*Task data:*
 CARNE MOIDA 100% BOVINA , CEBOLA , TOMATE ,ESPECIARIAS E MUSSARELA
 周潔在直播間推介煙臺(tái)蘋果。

--

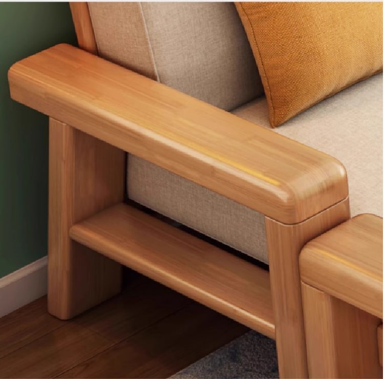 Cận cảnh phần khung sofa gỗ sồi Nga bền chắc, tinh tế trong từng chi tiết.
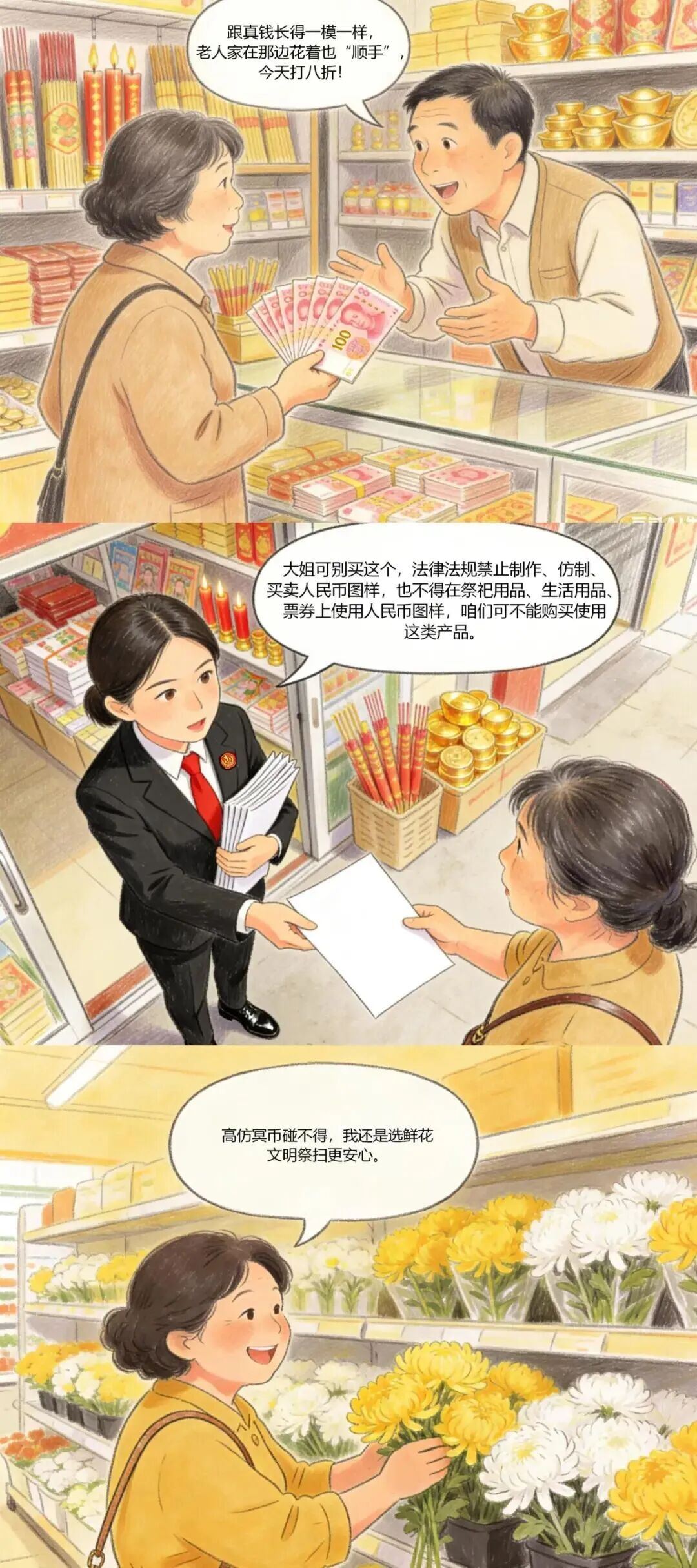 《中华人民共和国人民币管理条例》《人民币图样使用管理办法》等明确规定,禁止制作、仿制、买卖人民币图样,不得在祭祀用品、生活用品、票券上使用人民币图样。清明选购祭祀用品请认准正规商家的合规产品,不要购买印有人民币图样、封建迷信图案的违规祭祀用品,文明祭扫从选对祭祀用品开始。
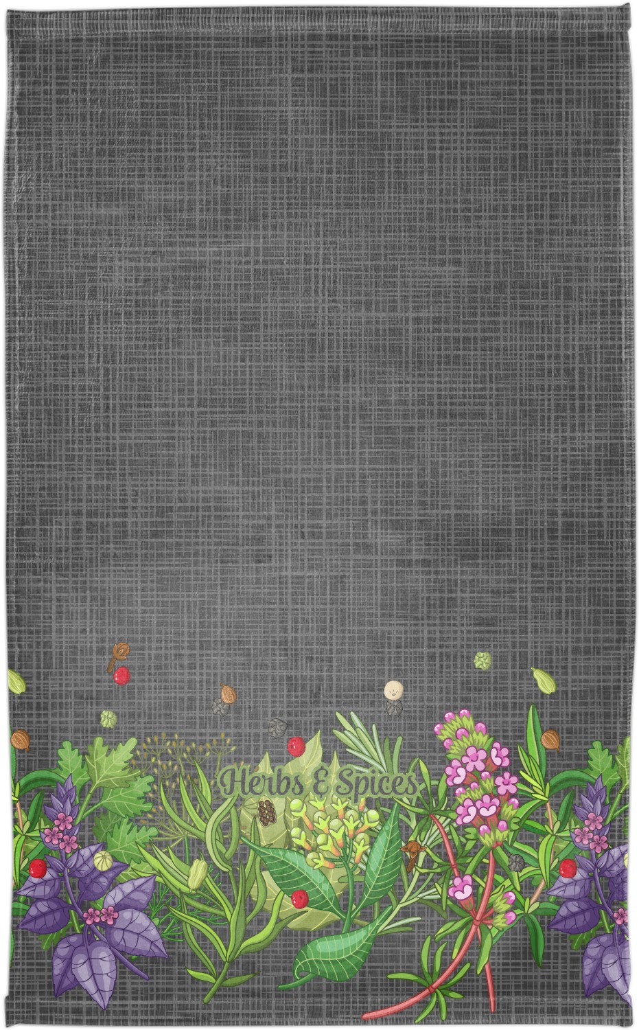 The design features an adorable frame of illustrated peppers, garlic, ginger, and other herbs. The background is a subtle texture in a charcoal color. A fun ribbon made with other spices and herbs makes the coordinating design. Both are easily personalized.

*Instructions to follow:*
Keep to the lines above from the line with "Cận cảnh phần" to the line with "The design features", and set down exactly those, inclusive, with nothing else and every picture left out.

*Response to the exercise:*
 Cận cảnh phần khung sofa gỗ sồi Nga bền chắc, tinh tế trong từng chi tiết.
 《中华人民共和国人民币管理条例》《人民币图样使用管理办法》等明确规定,禁止制作、仿制、买卖人民币图样,不得在祭祀用品、生活用品、票券上使用人民币图样。清明选购祭祀用品请认准正规商家的合规产品,不要购买印有人民币图样、封建迷信图案的违规祭祀用品,文明祭扫从选对祭祀用品开始。
 The design features an adorable frame of illustrated peppers, garlic, ginger, and other herbs. The background is a subtle texture in a charcoal color. A fun ribbon made with other spices and herbs makes the coordinating design. Both are easily personalized.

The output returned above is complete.